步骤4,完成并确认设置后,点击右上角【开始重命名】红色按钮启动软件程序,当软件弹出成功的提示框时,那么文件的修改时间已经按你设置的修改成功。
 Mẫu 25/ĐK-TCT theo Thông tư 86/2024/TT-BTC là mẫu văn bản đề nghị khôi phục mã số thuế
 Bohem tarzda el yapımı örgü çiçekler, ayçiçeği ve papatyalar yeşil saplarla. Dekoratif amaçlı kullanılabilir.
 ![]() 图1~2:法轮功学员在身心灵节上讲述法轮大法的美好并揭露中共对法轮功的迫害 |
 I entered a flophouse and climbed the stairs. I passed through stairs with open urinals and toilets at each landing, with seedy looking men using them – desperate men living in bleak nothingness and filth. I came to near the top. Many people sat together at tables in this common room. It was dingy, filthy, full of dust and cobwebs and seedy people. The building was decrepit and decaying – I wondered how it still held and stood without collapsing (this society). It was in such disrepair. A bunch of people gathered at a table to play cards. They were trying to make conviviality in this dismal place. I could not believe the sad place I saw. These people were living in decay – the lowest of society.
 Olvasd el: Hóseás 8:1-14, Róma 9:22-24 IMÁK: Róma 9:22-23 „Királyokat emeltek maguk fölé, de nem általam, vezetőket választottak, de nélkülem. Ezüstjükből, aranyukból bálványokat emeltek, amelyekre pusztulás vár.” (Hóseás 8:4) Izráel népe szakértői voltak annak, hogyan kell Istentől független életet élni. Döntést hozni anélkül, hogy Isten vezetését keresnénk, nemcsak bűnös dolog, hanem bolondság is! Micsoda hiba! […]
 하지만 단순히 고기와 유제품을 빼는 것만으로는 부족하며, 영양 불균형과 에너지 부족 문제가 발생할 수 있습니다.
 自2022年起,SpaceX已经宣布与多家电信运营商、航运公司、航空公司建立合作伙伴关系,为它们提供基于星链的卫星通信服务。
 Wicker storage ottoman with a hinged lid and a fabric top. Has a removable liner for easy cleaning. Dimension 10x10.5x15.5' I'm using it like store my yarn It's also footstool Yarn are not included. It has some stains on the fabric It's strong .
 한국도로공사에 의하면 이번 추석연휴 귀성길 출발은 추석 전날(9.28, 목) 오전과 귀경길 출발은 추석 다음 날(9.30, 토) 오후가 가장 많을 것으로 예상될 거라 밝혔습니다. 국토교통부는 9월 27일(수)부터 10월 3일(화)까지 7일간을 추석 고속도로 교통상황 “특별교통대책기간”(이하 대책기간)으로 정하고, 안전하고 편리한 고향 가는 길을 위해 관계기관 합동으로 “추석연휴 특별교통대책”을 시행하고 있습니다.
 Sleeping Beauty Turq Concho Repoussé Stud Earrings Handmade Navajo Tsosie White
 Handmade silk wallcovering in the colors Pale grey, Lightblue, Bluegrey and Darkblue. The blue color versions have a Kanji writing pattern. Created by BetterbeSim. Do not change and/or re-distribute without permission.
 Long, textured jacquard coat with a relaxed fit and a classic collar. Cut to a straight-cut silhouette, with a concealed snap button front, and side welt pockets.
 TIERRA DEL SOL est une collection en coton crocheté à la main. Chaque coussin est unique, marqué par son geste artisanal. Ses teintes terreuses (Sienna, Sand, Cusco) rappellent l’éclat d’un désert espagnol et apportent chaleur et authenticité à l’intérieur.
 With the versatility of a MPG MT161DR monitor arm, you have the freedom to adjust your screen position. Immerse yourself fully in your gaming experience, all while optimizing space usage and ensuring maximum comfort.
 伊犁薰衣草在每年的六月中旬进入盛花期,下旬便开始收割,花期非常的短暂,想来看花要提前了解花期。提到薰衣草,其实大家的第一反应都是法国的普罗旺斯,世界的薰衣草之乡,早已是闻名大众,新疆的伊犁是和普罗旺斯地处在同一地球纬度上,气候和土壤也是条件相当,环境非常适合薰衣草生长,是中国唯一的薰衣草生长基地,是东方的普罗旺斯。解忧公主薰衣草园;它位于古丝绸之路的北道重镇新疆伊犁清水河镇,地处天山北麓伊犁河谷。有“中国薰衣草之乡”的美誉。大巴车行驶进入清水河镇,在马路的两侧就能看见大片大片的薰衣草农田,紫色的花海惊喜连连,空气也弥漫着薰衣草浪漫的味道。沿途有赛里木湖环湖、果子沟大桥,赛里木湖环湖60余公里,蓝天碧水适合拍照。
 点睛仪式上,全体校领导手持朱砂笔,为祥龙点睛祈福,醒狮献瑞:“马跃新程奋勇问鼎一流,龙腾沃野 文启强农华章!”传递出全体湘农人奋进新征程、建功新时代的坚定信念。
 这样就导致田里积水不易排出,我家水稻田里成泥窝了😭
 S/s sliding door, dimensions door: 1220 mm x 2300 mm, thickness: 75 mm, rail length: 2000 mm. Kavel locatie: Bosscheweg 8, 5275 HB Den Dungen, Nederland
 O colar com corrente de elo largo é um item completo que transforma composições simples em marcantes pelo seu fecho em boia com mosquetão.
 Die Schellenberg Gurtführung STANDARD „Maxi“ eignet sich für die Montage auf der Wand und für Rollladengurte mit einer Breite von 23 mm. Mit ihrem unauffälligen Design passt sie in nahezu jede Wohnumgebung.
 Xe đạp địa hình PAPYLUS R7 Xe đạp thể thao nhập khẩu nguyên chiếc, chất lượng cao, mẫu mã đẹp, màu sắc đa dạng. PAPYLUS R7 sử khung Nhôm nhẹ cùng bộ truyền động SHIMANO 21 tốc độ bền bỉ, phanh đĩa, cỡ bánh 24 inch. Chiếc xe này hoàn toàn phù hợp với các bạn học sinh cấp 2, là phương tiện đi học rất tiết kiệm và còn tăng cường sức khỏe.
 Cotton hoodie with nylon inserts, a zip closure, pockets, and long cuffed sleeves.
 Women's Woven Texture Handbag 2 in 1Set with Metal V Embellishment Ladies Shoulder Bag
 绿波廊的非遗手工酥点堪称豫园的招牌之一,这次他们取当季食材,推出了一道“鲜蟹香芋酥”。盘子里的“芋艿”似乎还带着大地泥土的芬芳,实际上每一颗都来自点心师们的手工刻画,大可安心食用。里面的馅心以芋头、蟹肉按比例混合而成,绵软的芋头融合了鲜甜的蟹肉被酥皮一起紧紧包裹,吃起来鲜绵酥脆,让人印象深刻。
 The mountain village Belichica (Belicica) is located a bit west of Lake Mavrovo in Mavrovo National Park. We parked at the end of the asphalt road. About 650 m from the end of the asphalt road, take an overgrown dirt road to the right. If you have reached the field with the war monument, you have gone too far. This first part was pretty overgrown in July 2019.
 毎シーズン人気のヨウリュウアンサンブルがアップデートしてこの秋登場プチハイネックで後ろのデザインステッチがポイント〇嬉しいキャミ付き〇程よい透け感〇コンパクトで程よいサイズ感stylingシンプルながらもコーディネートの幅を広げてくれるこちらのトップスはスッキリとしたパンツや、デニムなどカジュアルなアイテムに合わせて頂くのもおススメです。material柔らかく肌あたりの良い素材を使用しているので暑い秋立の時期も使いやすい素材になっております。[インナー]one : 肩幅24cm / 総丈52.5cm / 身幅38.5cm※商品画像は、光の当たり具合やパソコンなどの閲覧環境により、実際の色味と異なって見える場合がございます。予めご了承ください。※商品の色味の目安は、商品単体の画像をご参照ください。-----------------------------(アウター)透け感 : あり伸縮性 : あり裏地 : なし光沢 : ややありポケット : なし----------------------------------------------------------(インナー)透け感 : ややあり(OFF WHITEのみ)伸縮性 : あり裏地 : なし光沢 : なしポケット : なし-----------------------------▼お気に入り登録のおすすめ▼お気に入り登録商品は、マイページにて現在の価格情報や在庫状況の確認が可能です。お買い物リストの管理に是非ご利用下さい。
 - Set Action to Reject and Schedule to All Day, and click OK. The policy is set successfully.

——————

(Work request): Beginning with the line that holds "The mountain village", copy the entries exactly to their last line, and leave out every earlier line.

(Output for this task):
 The mountain village Belichica (Belicica) is located a bit west of Lake Mavrovo in Mavrovo National Park. We parked at the end of the asphalt road. About 650 m from the end of the asphalt road, take an overgrown dirt road to the right. If you have reached the field with the war monument, you have gone too far. This first part was pretty overgrown in July 2019.
 毎シーズン人気のヨウリュウアンサンブルがアップデートしてこの秋登場プチハイネックで後ろのデザインステッチがポイント〇嬉しいキャミ付き〇程よい透け感〇コンパクトで程よいサイズ感stylingシンプルながらもコーディネートの幅を広げてくれるこちらのトップスはスッキリとしたパンツや、デニムなどカジュアルなアイテムに合わせて頂くのもおススメです。material柔らかく肌あたりの良い素材を使用しているので暑い秋立の時期も使いやすい素材になっております。[インナー]one : 肩幅24cm / 総丈52.5cm / 身幅38.5cm※商品画像は、光の当たり具合やパソコンなどの閲覧環境により、実際の色味と異なって見える場合がございます。予めご了承ください。※商品の色味の目安は、商品単体の画像をご参照ください。-----------------------------(アウター)透け感 : あり伸縮性 : あり裏地 : なし光沢 : ややありポケット : なし----------------------------------------------------------(インナー)透け感 : ややあり(OFF WHITEのみ)伸縮性 : あり裏地 : なし光沢 : なしポケット : なし-----------------------------▼お気に入り登録のおすすめ▼お気に入り登録商品は、マイページにて現在の価格情報や在庫状況の確認が可能です。お買い物リストの管理に是非ご利用下さい。
 - Set Action to Reject and Schedule to All Day, and click OK. The policy is set successfully.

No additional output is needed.